DSA Interview Questions
Question: Explain the difference between BFS and DFS.
Answer: Breadth-First Search (BFS) explores all neighbor nodes at the present depth level before moving on to nodes at the next depth level. Depth-First Search (DFS) explores as far as possible along each branch before backtracking.
Question: What is time complexity?
Answer: Time complexity measures the amount of time an algorithm takes to run as a function of the input size. It describes the relationship between the input size and the number of operations performed by the algorithm.
Question: What is space complexity?
Answer: Space complexity measures the amount of memory space an algorithm requires as a function of the input size. It describes the relationship between the input size and the additional space required by the algorithm.

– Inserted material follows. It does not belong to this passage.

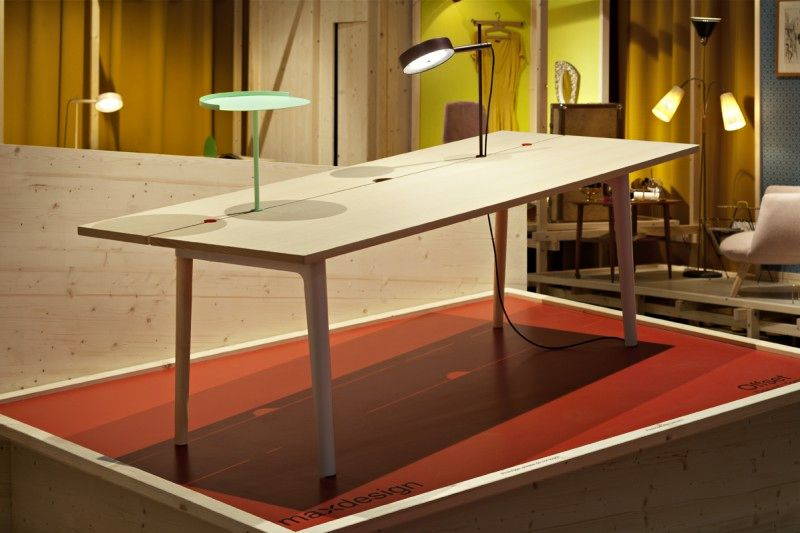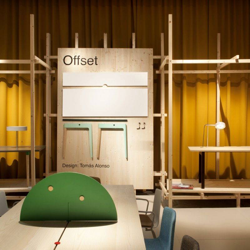 Presentato di recente in occasione del Salone del Mobile di Milano in un’ambientazione che ricorda che ricorda l’impalcatura temporanea di un backstage teatrale, Offset (design Thomas Alonso), è stato presentato come prodotto chiave dell’esposizione, con un’installazione dei elementi compositivi del tavolo, smontati, a fare da sfondo allo spazio espositivo e a ricordare l’estrema flessibilità del progetto.
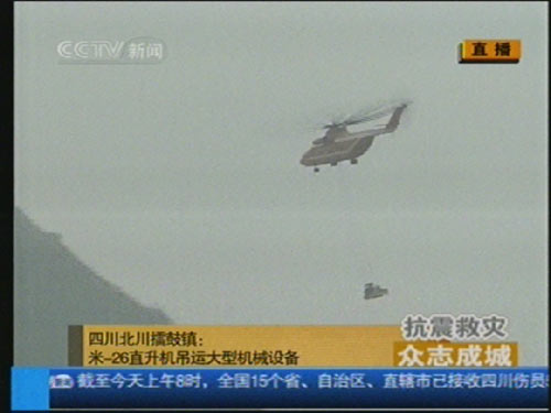 中新網(wǎng)綿陽5月26日電(霍潺)今天上午十一點(diǎn)零五分左右,一架紅色米-26直升機(jī)吊裝了一臺(tái)重約十三點(diǎn)二噸的重型挖掘機(jī)已起飛,前往唐家山堰塞湖壩體,大約二十多分鐘可以往返。

Question: Describe an efficient algorithm to find the nth Fibonacci number.
Answer: An efficient approach uses dynamic programming to store previously computed Fibonacci numbers and compute subsequent ones in O(n) time complexity.
Question: How do you detect a cycle in a linked list?
Answer: Use Floyd’s Cycle Detection Algorithm (Tortoise and Hare algorithm) where two pointers move at different speeds; if they meet, there’s a cycle.
Question: What is dynamic programming?
Answer: Dynamic programming is a technique to solve problems by breaking them down into overlapping subproblems and storing results to avoid redundant computations. It’s used in optimization problems.
Question: Explain the concept of recursion.
Answer: Recursion is a programming technique where a function calls itself directly or indirectly to solve a problem. It simplifies complex problems by dividing them into smaller identical problems.
Conclusion
Preparing for a data science and analytics interview at IQVIA involves demonstrating technical proficiency, problem-solving skills, and a clear understanding of how data can drive business value in the healthcare and life sciences sectors. By familiarizing yourself with these questions and answers, you can confidently navigate your interview and showcase your expertise. Good luck!